Мама оказалась сильнее. Она не кричала, но говорила жестко, уверенно. Случайно я услышала, как она говорила папе: «Ты же всегда стоял на линии, выступал против оппозиции, никаких связей с Промпартией не имел. Если дядя откажется помочь, скажи ему, что вслед за тобой могут заняться и им». Собрала чемодан и выпихнула папу за дверь. Нам она сказала, что у папы заболела его мама, наша бабушка, он уехал ее навестить в деревню. Потом попросила меня снять гитару с ковра. Затем сама сняла ковер вместе с шашкой, завернула его и унесла. Похоже, с тех пор до настоящего момента я этого ковра с шашкой и не видела.
Через два дня я проснулась ночью от громкого стука в дверь. У нас в это время было уже две комнаты в коммуналке. Поэтому к нам с братом пока не входили, но вот дверь открылась, зашли военный и штатский, они оглядели комнату, потом ласковым, но каким-то приторным голосом начали расспрашивать, где папа. Брат испуганно молчал, я сказала, что папа уехал в деревню к бабушке. Через полчаса они ушли, мама успокаивала нас, но мы с братом так и не заснули до утра. На следующий день мама ушла. Потом пришла Алена, взяла чемоданчик, который мама собрала раньше, и отвезла нас на дачу к дяде Паше.

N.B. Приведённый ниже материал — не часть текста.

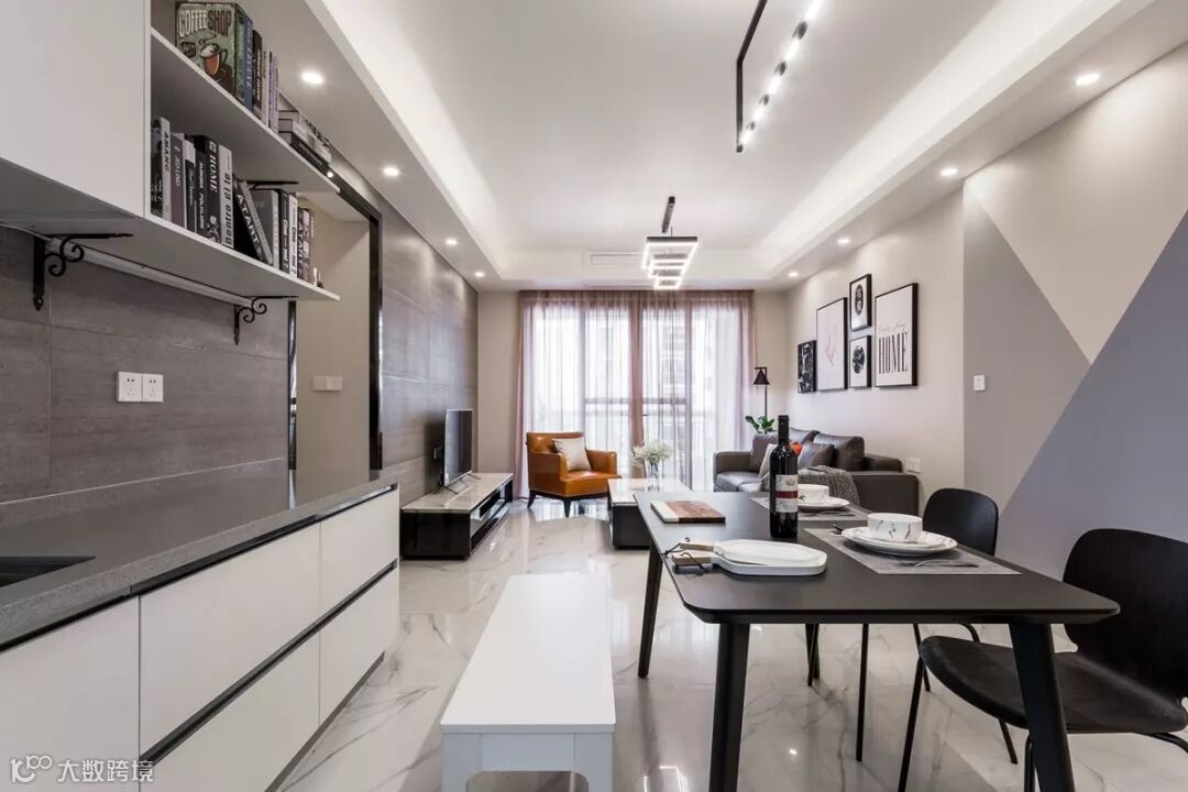 餐边柜也是使用爱格基本白色花色,搭配灰色大理石台面,黑色隐形拉手,简约时尚。

Там я услышала очень странные слова – я подошла к кухне, но еще не вошла, когда Ксения сказала Даше, что это наказание за то, что он служил Антихристу. Я развернулась и ушла. Не знаю почему, я почувствовала, что это она о папе. Через некоторое время к нам подошла Даша, и мне и Борьке надела на шею крестики, сказала, чтобы мы их поцеловали, и поцеловала нас обоих в голову.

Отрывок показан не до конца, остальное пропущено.